'NumPy와 Pure Python 속도 비교' 태그의 글 목록

'NumPy와 Pure Python 속도 비교'에 해당되는 글 1건

2017.02.04 [Python NumPy] 배열과 배열, 배열과 스칼라 연산 (Numerical Operations between Arrarys and Scalars) 2

[Python NumPy] 배열과 배열, 배열과 스칼라 연산 (Numerical Operations between Arrarys and Scalars)

Python 분석과 프로그래밍/Python 데이터 전처리 2017. 2. 4. 23:49

Python을 활용한 기계학습이나 딥러닝 공부하다보면 NumPy 연산이 기본으로 깔려있습니다. NumPy를 알고 있으면 공부하기가 편할 것이고, NumPy를 모르면 암호처럼 보일 거예요.

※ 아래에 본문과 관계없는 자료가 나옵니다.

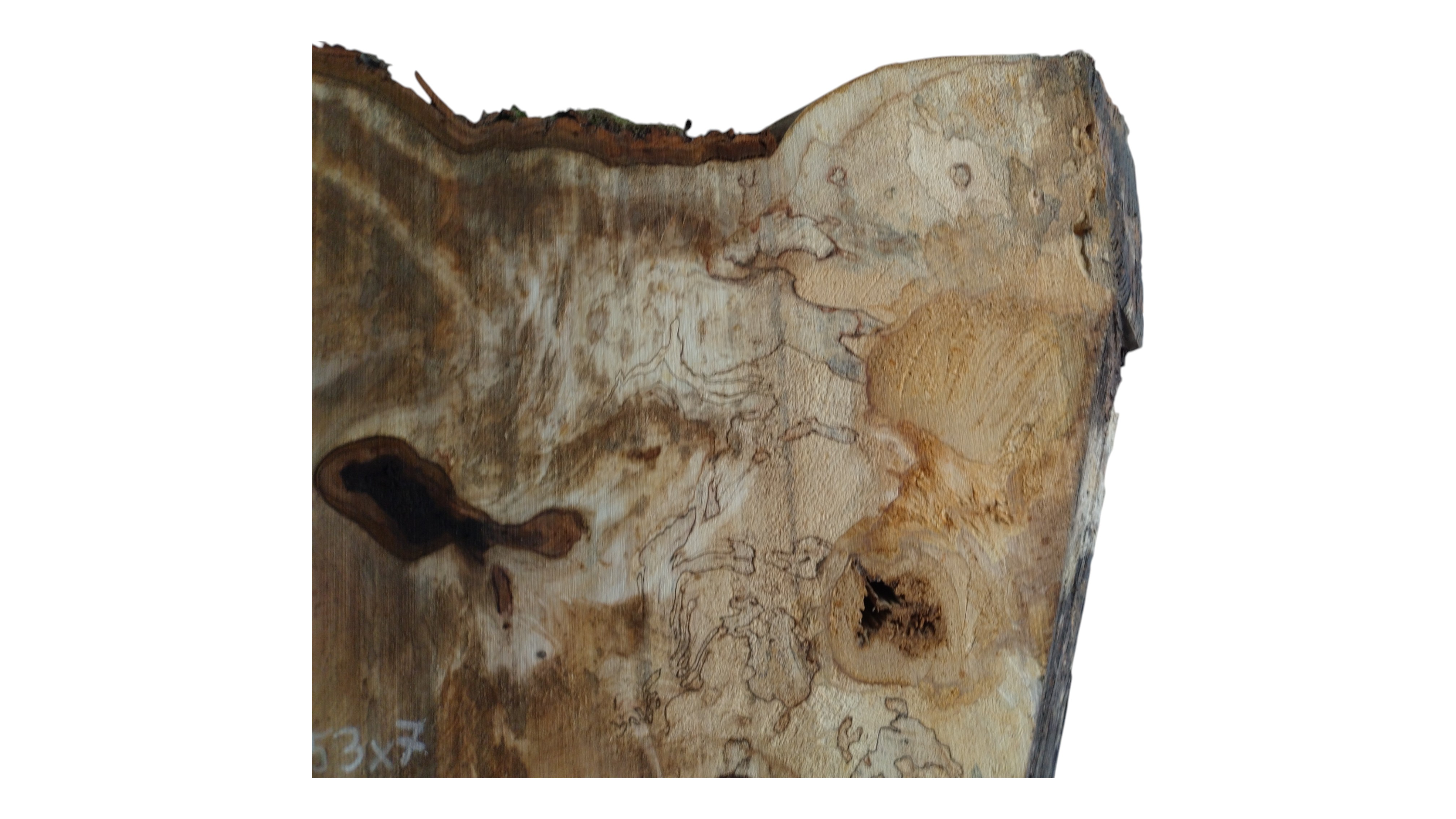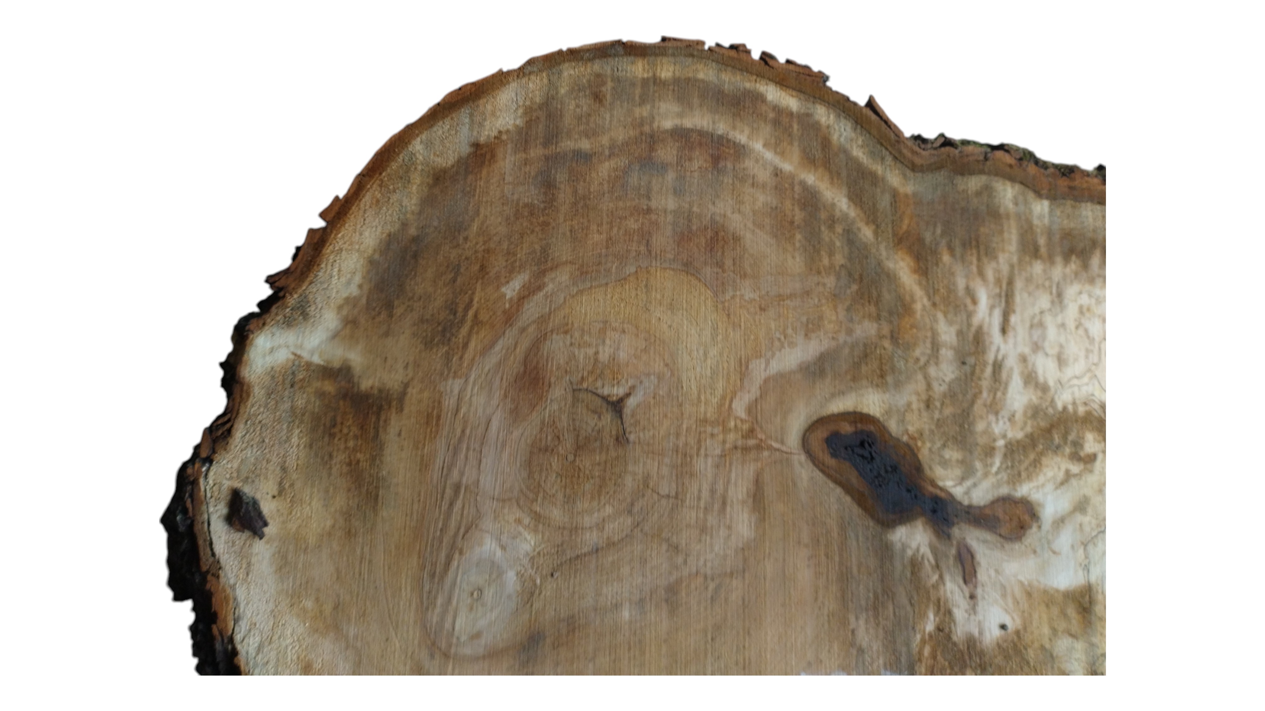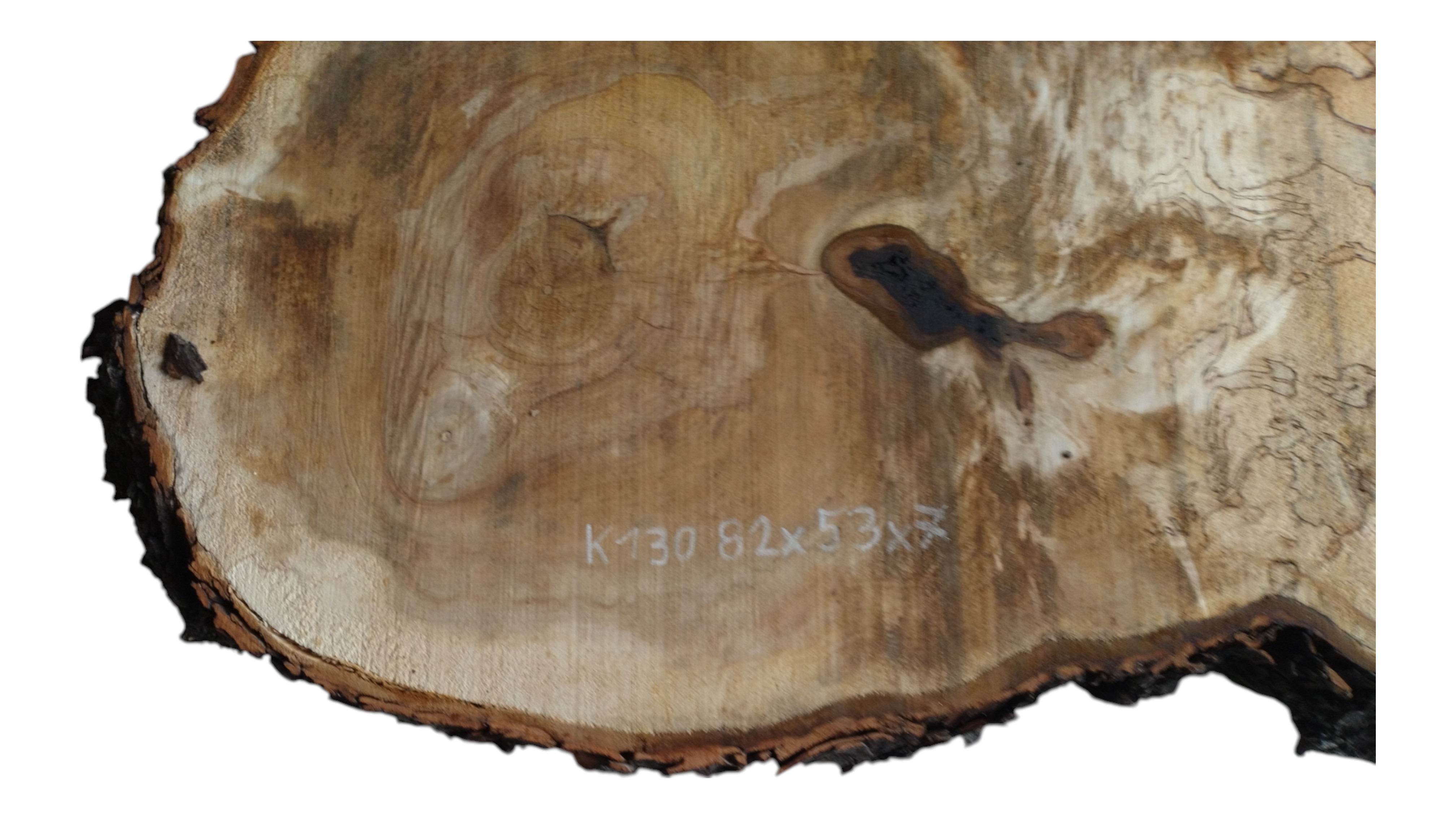 Zdjęcia robimy od razu po przecięciu, żeby jak najlepiej pokazać w jaki sposób można wyprowadzić plaster i podkreślić jego strukturę. W procesie suszenia naturalną rzeczą są pęknięcia materiału powstałe w skutek oddawania wilgoci oraz powierzchowna zmiana barwy. Zdjęcie nr 2 w galerii przedstawia stan plastra z lipca 2025 – wtedy została zmierzona podana wilgotność.

이번 포스팅에서는 Python NumPy의 배열과 배열, 배열과 스칼라 연산 (Numerical Operations between Arrarys and Scalars) 에 대해서 알아보겠습니다. 별로 어렵지는 않습니다.

크기가 같은 두 개의 숫자형 배열에 대해서 산술 연산(arithmetic operations)을 할 때 'for loops'를 사용하지 않고도 NumPy ndarray를 사용하면 Vectorization 으로 매우 빠르게 batch 연산을 수행할 수 있습니다.

만약 연산을 하는 두 배열의 차원(dimension, shape)이 다르다면 NumPy는 Broadcasting을 해서 연산을 해주는데요, 이건 다음번 포스팅에서 별도로 소개하겠습니다.

[ Operations between NumPy Arrarys and Scalars ]

먼저 NumPy 모듈을 불러오고 예제 array 를 만들어보겠습니다.

#%% Numerical Operations between Arrays and Scalars
# vectorization

## importing modules

In [1]: import numpy as np

## making an nparray

In [2]: x = np.array([1., 1., 2., 2.])

In [3]: y = np.array([1., 2., 3., 4.])

In [4]: x

Out[4]: array([ 1., 1., 2., 2.])

In [5]: y

Out[5]: array([ 1., 2., 3., 4.])

(1) 배열과 스칼라의 산술 연산 (Arithmetic operations with an array and scalar)

산술연산 종류 : 덧셈 (addition, +), 뺄셈 (subtraction, -), 곱셈 (multiplication, *), 나눗셈 (division, /), 몫 (floor division, //), 나머지 (modulus, %), 배수 (exponent, **)

연산할 때 스칼라가 배열의 각 원소별로 모두 돌아가면서 연산의 대상으로 적용됨 (한글로 풀어쓰려니 표현이 참... -_-;) (propagating the value to each element).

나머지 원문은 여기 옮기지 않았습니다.